REQUIREMENT: Restate the data word for word and leave the images out.

GIVEN INFORMATION:
+ + + + + + +
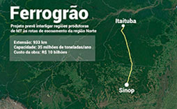 Com cerca de 1,1 mil quilômetros de extensão, a Ferrogrão vai conectar os centros produtores de grãos do Centro-Oeste ao Porto de Miritituba, no Pará, funcionando como uma alternativa à BR-163.
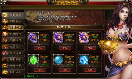 【活动说明】:活动期间,每充值100元宝,即可获得1点积分!可使用积分兑换多种物品!积分不清零!
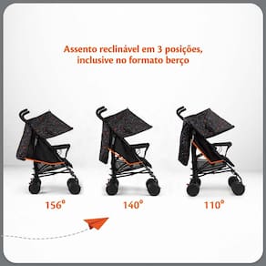 Características: Fechamento compacto e rápido: Fechamento estilo guarda-chuva, leve e fácil de transportar, com alça para levar a qualquer lugar. Assento reclinável: Três posições de inclinação, incluindo o modo berço, ajustáveis com uma mão. Capota ampla e extensível: Com visor, aba de sol e bolso porta-objetos, protege o bebê do sol e do vento. Apoio de pés ajustável: Possui cinco ajustes de altura, ideal para acompanhar o crescimento do bebê. Rodas duplas com travas: Estabilidade e controle total, com trava de giro 360 nas rodas dianteiras e freio interligado nas traseiras. Cinto de segurança de 5 pontos: Ajustável em altura e largura, com protetores acolchoados para máxima segurança. Cesto porta-objetos: Capacidade para até 3 kg, perfeito para carregar itens essenciais.
+ + + + + + +
TASK SOLUTION:
 Com cerca de 1,1 mil quilômetros de extensão, a Ferrogrão vai conectar os centros produtores de grãos do Centro-Oeste ao Porto de Miritituba, no Pará, funcionando como uma alternativa à BR-163.
 【活动说明】:活动期间,每充值100元宝,即可获得1点积分!可使用积分兑换多种物品!积分不清零!
 Características: Fechamento compacto e rápido: Fechamento estilo guarda-chuva, leve e fácil de transportar, com alça para levar a qualquer lugar. Assento reclinável: Três posições de inclinação, incluindo o modo berço, ajustáveis com uma mão. Capota ampla e extensível: Com visor, aba de sol e bolso porta-objetos, protege o bebê do sol e do vento. Apoio de pés ajustável: Possui cinco ajustes de altura, ideal para acompanhar o crescimento do bebê. Rodas duplas com travas: Estabilidade e controle total, com trava de giro 360 nas rodas dianteiras e freio interligado nas traseiras. Cinto de segurança de 5 pontos: Ajustável em altura e largura, com protetores acolchoados para máxima segurança. Cesto porta-objetos: Capacidade para até 3 kg, perfeito para carregar itens essenciais.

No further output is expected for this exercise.